Back in its infancy, the company had developed revolutionary EV patents and core designs—technology capable of shaping the future. Yet fate had not been kind. The firm eventually went public, only to be dragged down during the dot‑com crash. Despite being an automobile company, it fell alongside countless tech firms.
The company disbanded.
But its technology survived.
The patents and research remained in the founder's hands, and nearly a decade later, they were acquired by a major Kasparian corporation. Using that very technology, the conglomerate would go on to build a trillion‑dollar automobile empire.
Ethan knew this story well.
In one of his past lives, he had invested heavily in this very firm and used it to amass enormous wealth—enough to call himself a billionaire.
This time, however, caution restrained him.
Ethan's future knowledge was no longer absolute. His own actions were already altering the flow of history. Every investment caused secondary and tertiary ripples throughout the market. Because of that, his predictions differed with each reincarnation. Some never came true. Others deviated wildly.
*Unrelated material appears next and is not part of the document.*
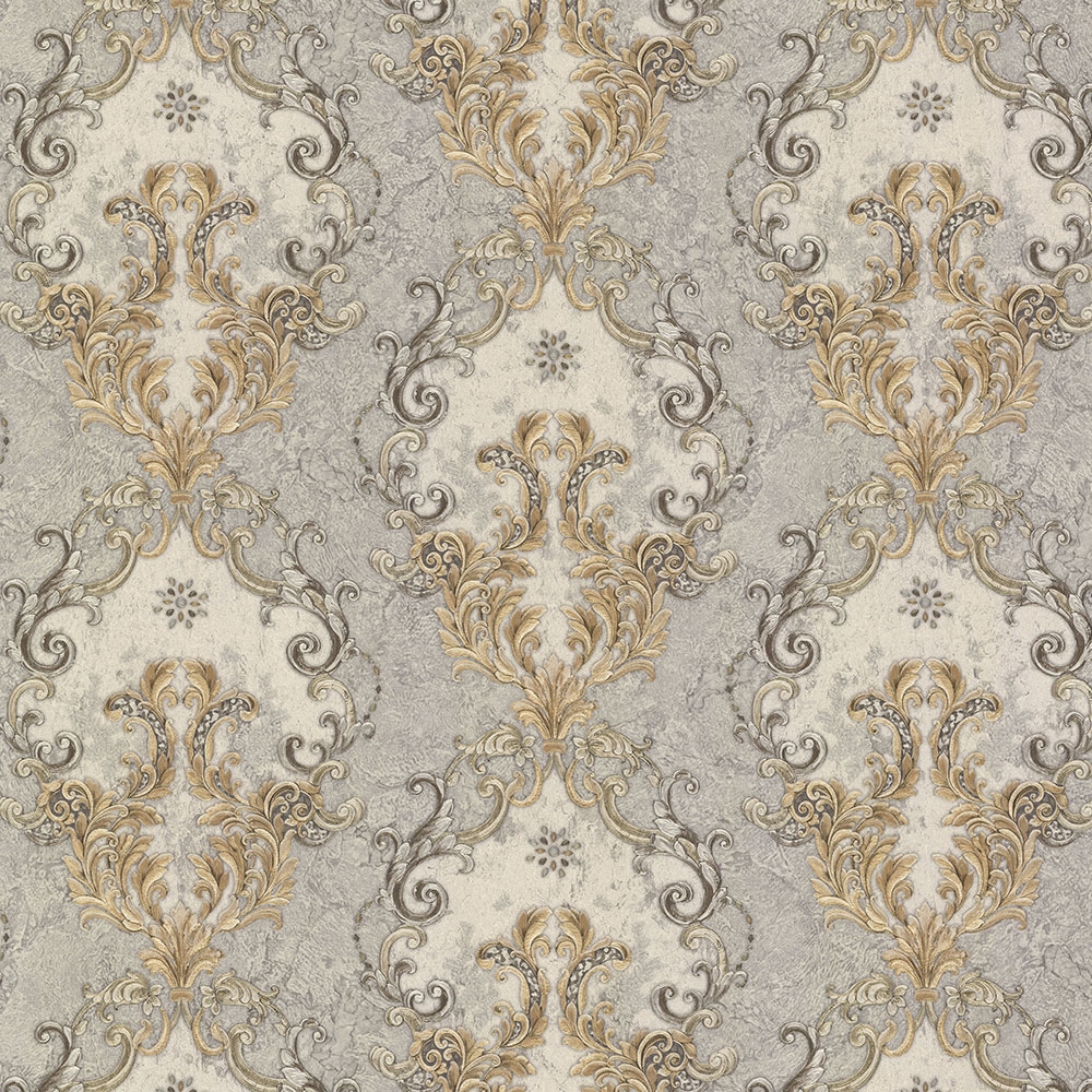Luxusní vliesové tapety s vinylovým povrchem. Bohatý zámecký ornamentální vzor, plastická textura, odstíny na tapetě - decentní béžová a šedo-béžová se zlatavými odlesky, vzor hnědo-zlatý se zlatými třpytkami.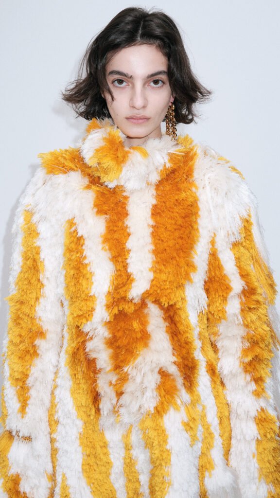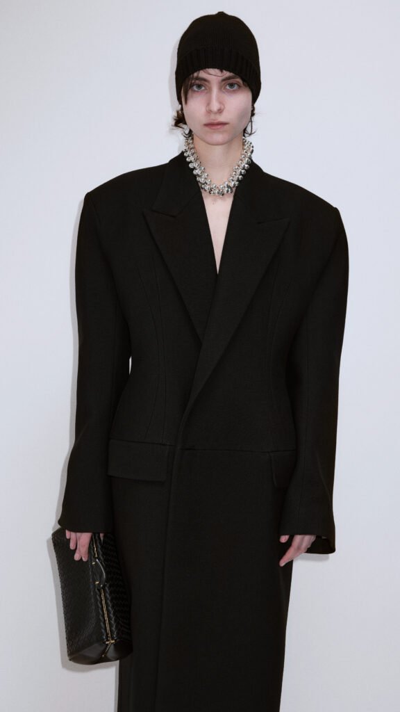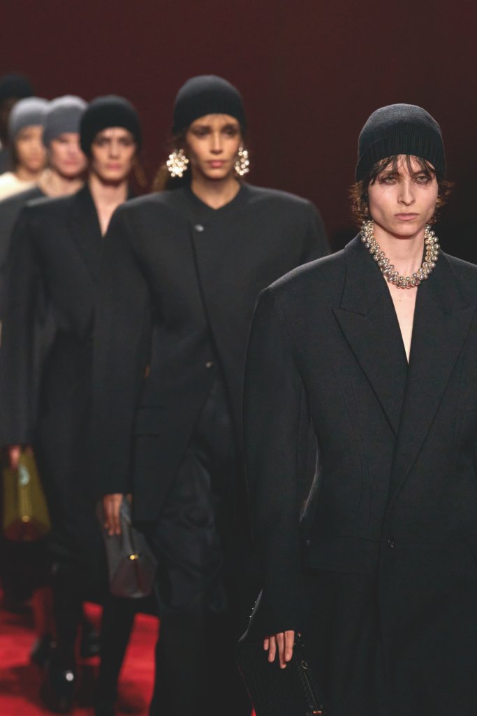 Na ópera, no teatro e no palco público da praça, os milaneses se vestem tanto para a comunidade quanto para si mesmos. Há um sentimento de orgulho em se vestir com confiança e cuidado. Uma brincadeira artesanal de pele sobre pele traz o trabalho manual da Bottega Veneta para imitar texturas de pele em sedas, fil coupé, tricô e fibras técnicas, ondulando em roupas, joias e sapatos. À medida que o refinado evolui para o operístico, há uma sugestão de Maria Callas e Pier Paolo Pasolini, sua arte radical e amor não convencional.

Still, most of them moved in a positive direction.
Even if the return wasn't tenfold, a twofold gain was almost guaranteed.
Yet this firm carried risks that Aegis did not.
In one previous incarnation, the company failed to scale properly due to a single opposing force—a powerful old‑money investor. The man was deeply entrenched in petroleum and oil trading, importing vast quantities from the Middle East of Gaia and selling them to Kasparia for staggering commissions.
An EV revolution threatened his entire empire.
Even when this automobile firm went public years earlier, government discussions about an electric transition had already hurt his business. As a result, he aggressively shorted the company, suppressing its growth until it collapsed.
If Ethan wanted this firm to succeed now, one thing was essential.
He would have to drag the world's EV shift earlier by at least fifteen years.
Only then would history realign.
That possibility alone made this investment dangerous.
Which was why Ethan invested only a portion of his funds here. The rest had gone to Aegis—a company that had always delivered solid returns across every reincarnation, unchallenged and uncontested.
This time, however, things were different.
There was an enemy.
And risk—real risk—had finally entered the board.